With the need to transition towards net zero, the focus has been on industries with the greatest potential to accelerate action such as smoke-stack industries, mineral extraction, energy generation, and livestock production typically dominate the conversation.
That doesn’t mean the challenges of reducing environmental impacts in the TMT sector are any less real given the growing pressure from regulators, consumers and investors around ESG (environmental, social, and governance) factors as a whole, including all sources of emissions, on all industries. To meet global warming targets and secure a sustainable and resilient way of life, all sectors and levels of society will need to take action to meet the ambition gap. The TMT sector has a key role to play with technology sitting at the heart of many of the solutions being explored.

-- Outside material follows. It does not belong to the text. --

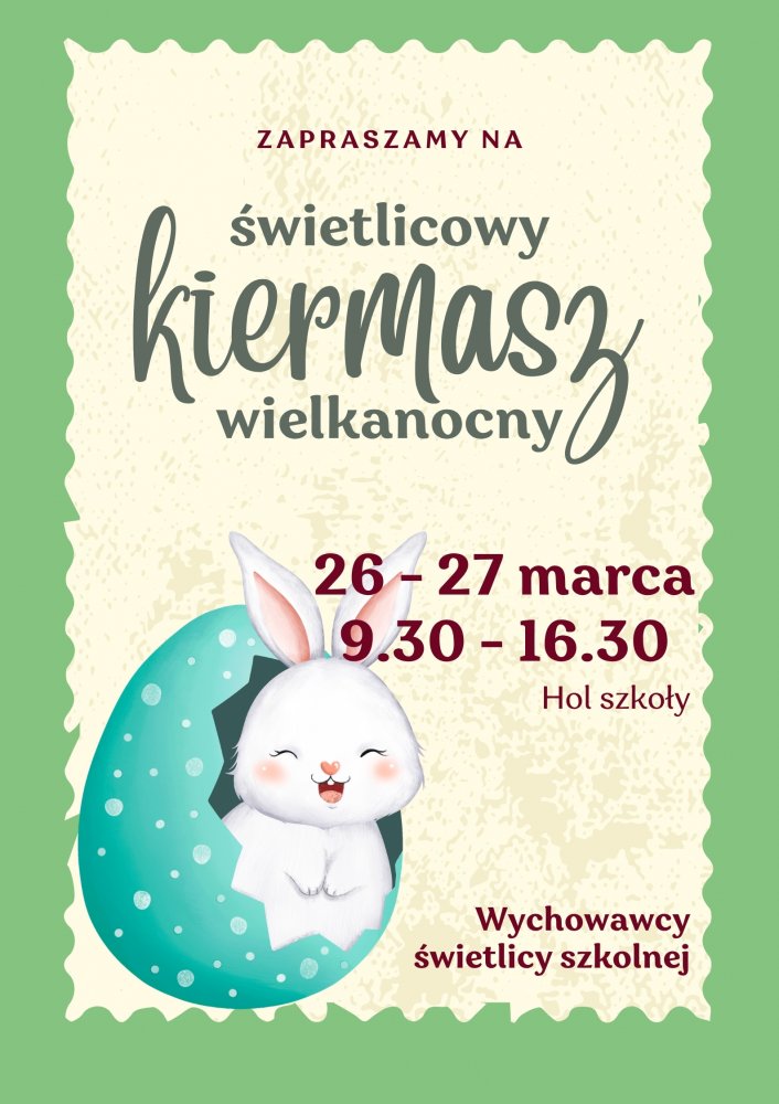Z radością informujemy, że w dniach 26 - 27 marca 2026 r. w naszej szkole odbędzie się coroczny kiermasz wielkanocny organizowany przez świetlicę szkolną.

In many ways, sustainability actions are not new to the TMT sector as actions are often focussed on operational efficiencies however, in our opinion, greater efficiencies are required and those who embrace it will have a competitive advantage in the years ahead.
The biggest issue facing TMT companies through 2023 will be inflation and high energy costs. Inflation has been high across the Euro area with energy costs compounding the worst effects. Whilst the TMT sector does not generate large direct emissions, the electricity needs of the TMT sector are significant, accounting for an estimated 4-6% of global electricity use in 2022 according to research from the POST Research team at the UK Parliament. Whilst high, there is evidence to suggest that figure was as high as 10% in 2015 (Global Electricity Usage of Communication Technology: Trends to 2030).
It is the opinion of the authors that, while the various statistics quoted may be debated, energy efficiency improvements are allowing the same technological tasks to be performed using less energy. Some stakeholders note that this has resulted from energy use of technology remaining relatively flat in the last decade despite the growth in demand. Others suggest that improvements in energy efficiency can themselves cause increased demand and hence a focus on future improvements in energy efficiency without additional regulation may not reduce energy use.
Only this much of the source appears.